Absolute Zero Report

Absolute Zero Report
The authors suggest that both emissions and energy use should decrease in the UK up until ~2050; whilst emissions must remain low, energy use can increase once we have the technology to produce it whilst maintaining net-zero emissions overall. Aviation, shipping and fossil fuel use would all have to cease completely before alternative technologies are sufficiently advanced to run these industries without releasing emissions.

This report summarises actions required to deliver net-zero emissions in the UK by 2050, without the emergence of not-guaranteed new technologies. The authors calculated that this would require much more drastic actions than suggested by government bodies such as the Committee on Climate Change (CCC). For example, all airports would need to be closed between 2030 and 2050, with the potential for re-opening airports with carbon-neutral power sources when they become available (electricity, or hydrogen produced using renewable energy).

The authors also emphasise that nature provides our only existing large-scale method for carbon capture, and state that restoration of forests is a priority for a net-zero world. In order to free-up more land for creating forests and other natural habitats, we will need to reduce the area of farmland. This can most easily be done by reducing meat consumption. Indeed, the report concludes that for the UK to have net-zero emissions, all beef and lamb would need to be phased out, compared to the CCC’s suggestion of a 50% reduction in consumption of beef, lamb and dairy products by 2050.

The report’s central message is the need to radically cut down on high-emission activities, at least until low-emission alternatives are developed.

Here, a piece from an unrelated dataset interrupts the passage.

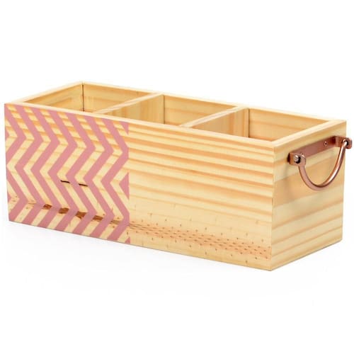 - Fabricado em Madeira Pinus - Possui 3 Divisórias - Possui um charmoso desenho lateral em forma de Zig Zag - Possui 2 alças em Ferro - Medidas: 10x18x10cm AXLXC - Muito Charme

However they highlight that the activities that people enjoy the most are sports, social life and eating, which can all be done whilst having a low carbon footprint.

Since it is unlikely that these huge reductions in consumption will happen voluntarily, we are left with two major options: enforce changes in consumption, or develop the technologies that this report assumes we will not have. The latter means pushing R&D in Carbon Capture and Storage; this can be achieved by governments mandating that fossil fuel companies must start capturing a certain percentage of their CO2 emissions, and ramp this percentage up year-on-year. This technology is not ‘impossible’ as some claim, but requires investment in order to make it possible on the scales we require to stop global warming.